Better Left Unsaid PDF Author: Nora Gilbert
Publisher: Stanford University Press
ISBN: 0804784876
Category : Literary Collections
Languages : en
Pages : 202

Get Book Here

Book Description
Better Left Unsaid is in the unseemly position of defending censorship from the central allegations that are traditionally leveled against it. Taking two genres generally presumed to have been stymied by the censor's knife—the Victorian novel and classical Hollywood film—this book reveals the varied ways in which censorship, for all its blustery self-righteousness, can actually be good for sex, politics, feminism, and art.

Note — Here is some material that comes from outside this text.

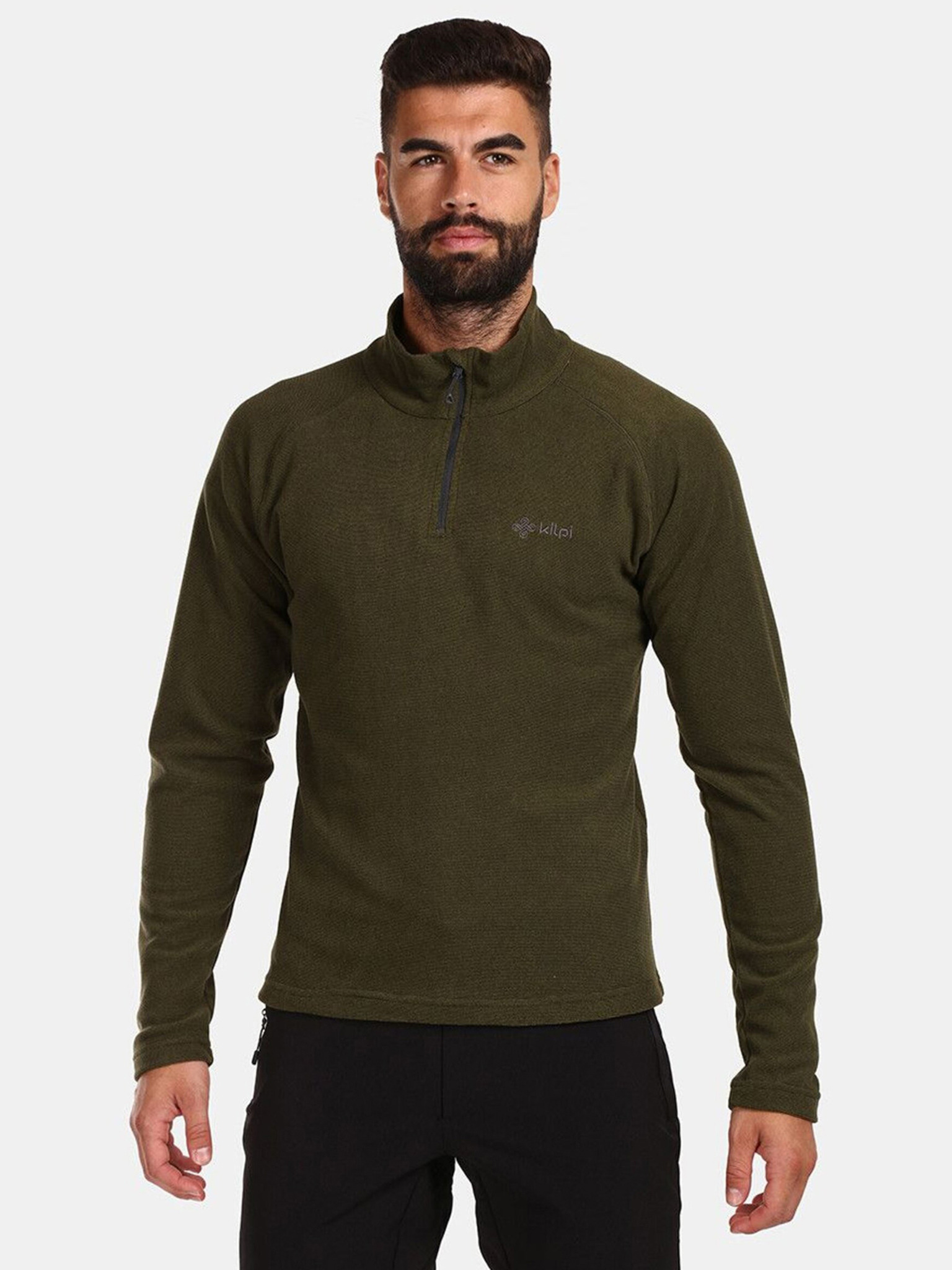 Muška dukserica s visokim ovratnikom i prugama - maslinasta

As much as Victorianism is equated with such cultural impulses as repression and prudery, few scholars have explored the Victorian novel as a "censored" commodity—thanks, in large part, to the indirectness and intangibility of England's literary censorship process. This indirection stands in sharp contrast to the explicit, detailed formality of Hollywood's infamous Production Code of 1930. In comparing these two versions of censorship, Nora Gilbert explores the paradoxical effects of prohibitive practices. Rather than being ruined by censorship, Victorian novels and Hays Code films were stirred and stimulated by the very forces meant to restrain them.